■ **Task prompt**
Omit all images, then repeat exactly the lines below from the one containing "Bedroom 1 - King" through the one containing "1.1 This practice", both ends included.
[Given data — start]
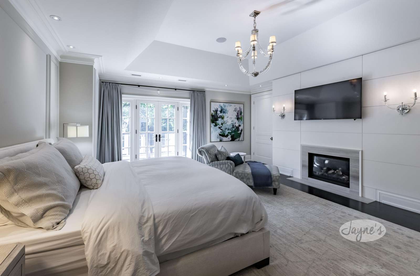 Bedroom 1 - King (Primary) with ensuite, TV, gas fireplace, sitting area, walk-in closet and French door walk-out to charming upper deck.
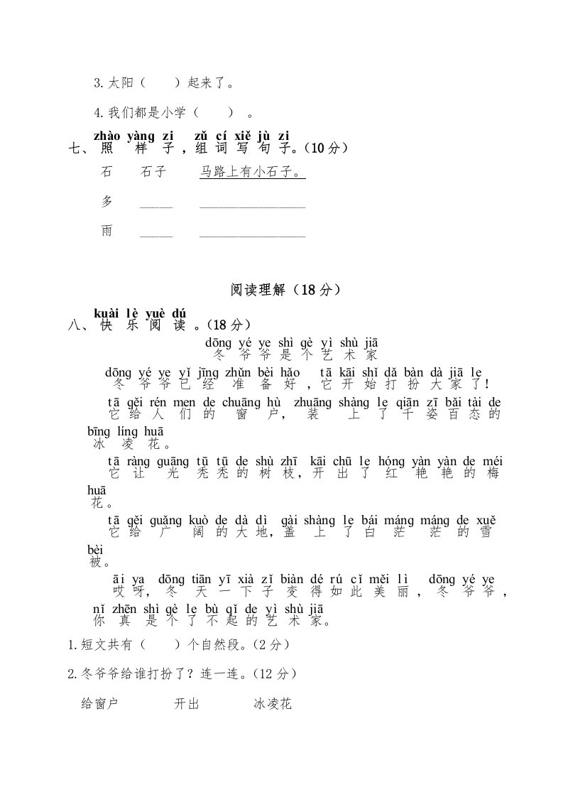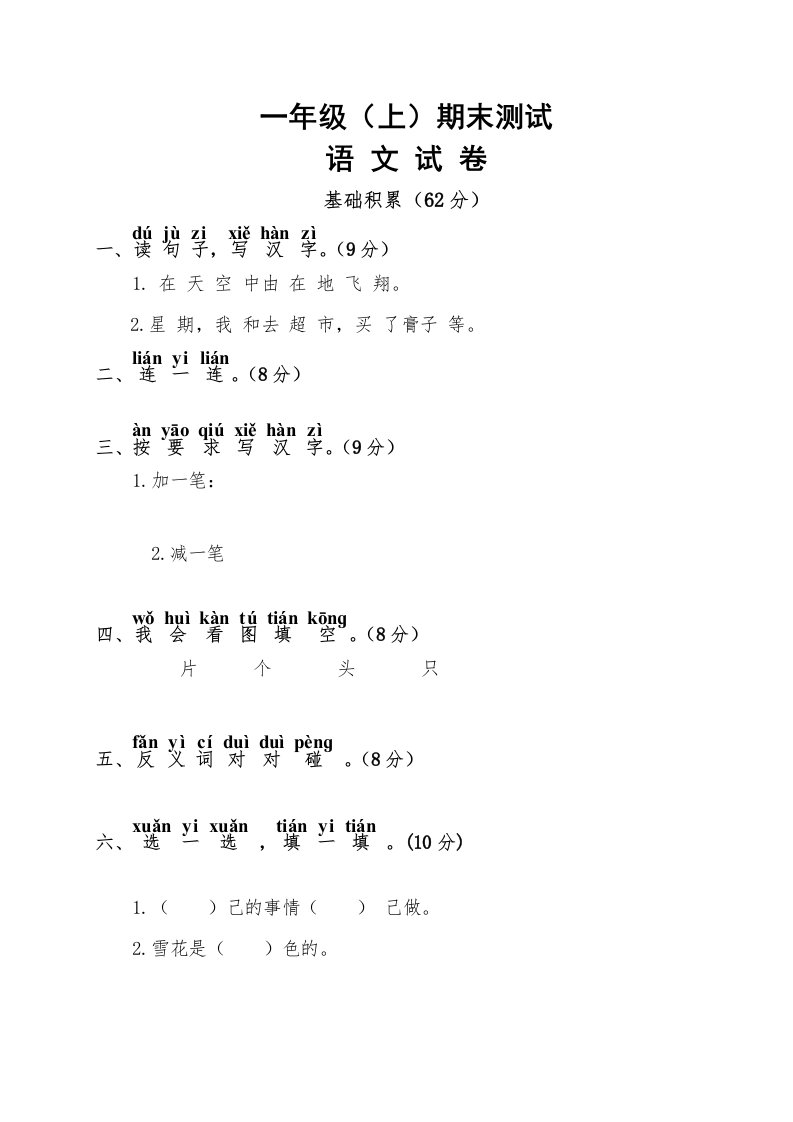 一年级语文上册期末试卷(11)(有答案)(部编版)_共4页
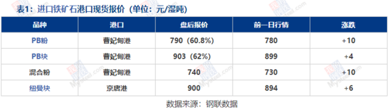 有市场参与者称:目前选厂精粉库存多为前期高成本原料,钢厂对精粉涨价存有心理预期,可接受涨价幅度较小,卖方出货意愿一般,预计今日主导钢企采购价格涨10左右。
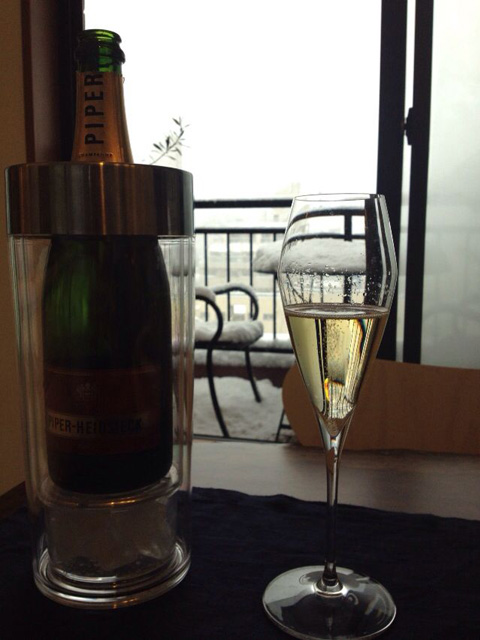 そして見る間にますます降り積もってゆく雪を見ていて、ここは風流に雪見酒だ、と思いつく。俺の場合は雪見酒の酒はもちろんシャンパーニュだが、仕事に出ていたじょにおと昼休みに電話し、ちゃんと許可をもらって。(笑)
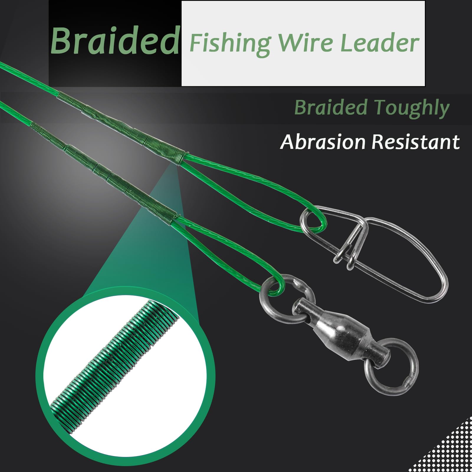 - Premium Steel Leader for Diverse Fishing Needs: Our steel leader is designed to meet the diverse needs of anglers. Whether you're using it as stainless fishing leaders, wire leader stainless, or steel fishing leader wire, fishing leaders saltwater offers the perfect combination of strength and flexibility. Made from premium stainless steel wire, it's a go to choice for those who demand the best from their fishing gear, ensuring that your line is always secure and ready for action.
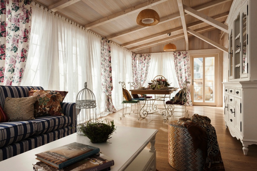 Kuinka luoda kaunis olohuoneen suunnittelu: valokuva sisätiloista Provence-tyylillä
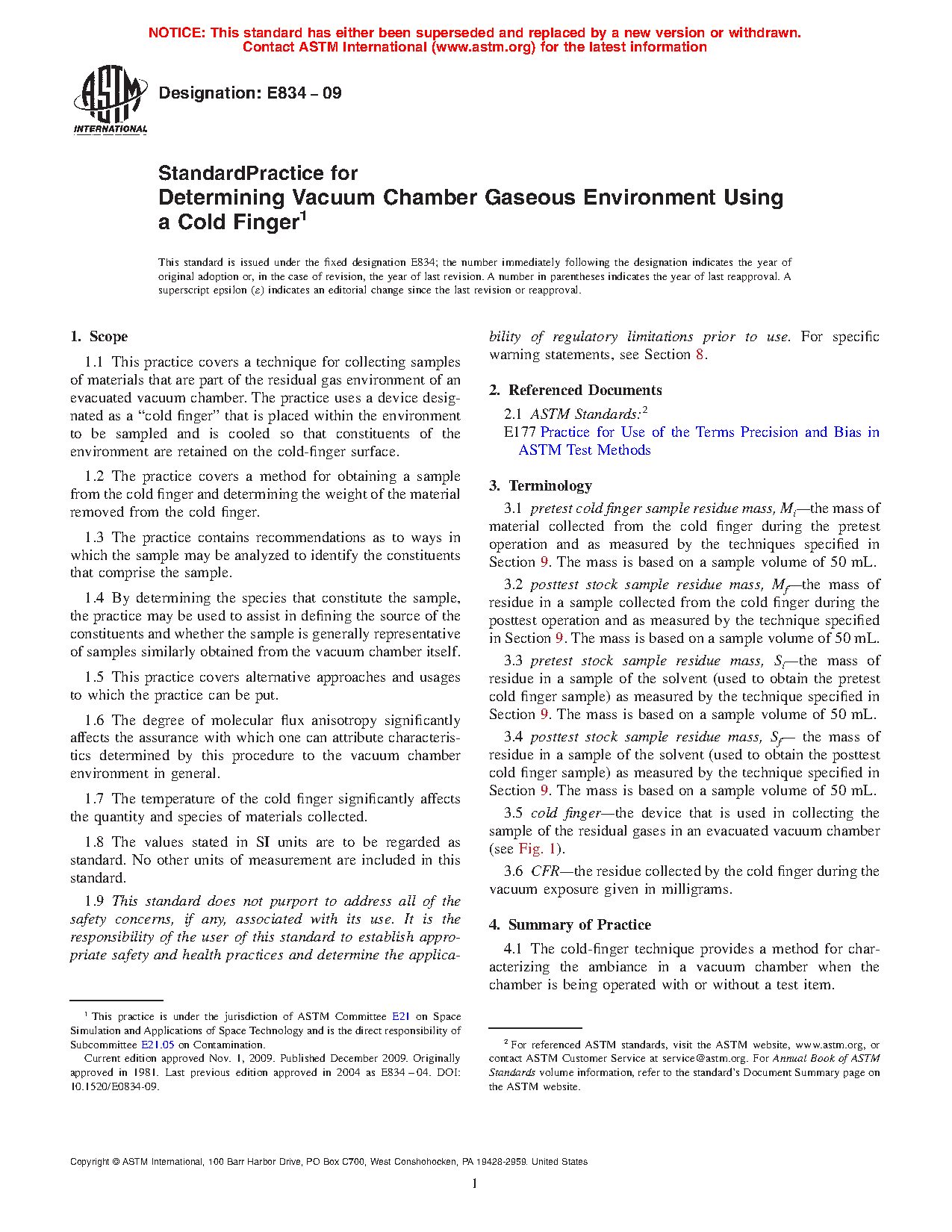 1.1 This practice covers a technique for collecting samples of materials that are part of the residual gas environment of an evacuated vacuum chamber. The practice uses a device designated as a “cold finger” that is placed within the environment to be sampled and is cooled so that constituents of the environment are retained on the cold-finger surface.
[Given data — finish]
[Given data — start]
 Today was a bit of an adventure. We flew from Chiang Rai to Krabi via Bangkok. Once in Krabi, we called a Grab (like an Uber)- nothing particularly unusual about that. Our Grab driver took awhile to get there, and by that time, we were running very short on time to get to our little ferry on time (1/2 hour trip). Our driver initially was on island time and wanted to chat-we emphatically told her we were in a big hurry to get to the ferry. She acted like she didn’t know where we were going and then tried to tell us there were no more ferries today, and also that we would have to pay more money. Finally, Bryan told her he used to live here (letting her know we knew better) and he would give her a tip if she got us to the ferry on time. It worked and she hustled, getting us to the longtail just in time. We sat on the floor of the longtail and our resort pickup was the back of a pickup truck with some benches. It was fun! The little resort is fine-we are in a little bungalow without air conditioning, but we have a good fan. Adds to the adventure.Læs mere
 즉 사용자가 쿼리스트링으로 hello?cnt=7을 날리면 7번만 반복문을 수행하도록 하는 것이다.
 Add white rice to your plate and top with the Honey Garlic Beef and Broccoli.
[Given data — finish]
■ **Answer to this problem**
 Bedroom 1 - King (Primary) with ensuite, TV, gas fireplace, sitting area, walk-in closet and French door walk-out to charming upper deck.
 一年级语文上册期末试卷(11)(有答案)(部编版)_共4页
 有市场参与者称:目前选厂精粉库存多为前期高成本原料,钢厂对精粉涨价存有心理预期,可接受涨价幅度较小,卖方出货意愿一般,预计今日主导钢企采购价格涨10左右。
 そして見る間にますます降り積もってゆく雪を見ていて、ここは風流に雪見酒だ、と思いつく。俺の場合は雪見酒の酒はもちろんシャンパーニュだが、仕事に出ていたじょにおと昼休みに電話し、ちゃんと許可をもらって。(笑)
 - Premium Steel Leader for Diverse Fishing Needs: Our steel leader is designed to meet the diverse needs of anglers. Whether you're using it as stainless fishing leaders, wire leader stainless, or steel fishing leader wire, fishing leaders saltwater offers the perfect combination of strength and flexibility. Made from premium stainless steel wire, it's a go to choice for those who demand the best from their fishing gear, ensuring that your line is always secure and ready for action.
 Kuinka luoda kaunis olohuoneen suunnittelu: valokuva sisätiloista Provence-tyylillä
 1.1 This practice covers a technique for collecting samples of materials that are part of the residual gas environment of an evacuated vacuum chamber. The practice uses a device designated as a “cold finger” that is placed within the environment to be sampled and is cooled so that constituents of the environment are retained on the cold-finger surface.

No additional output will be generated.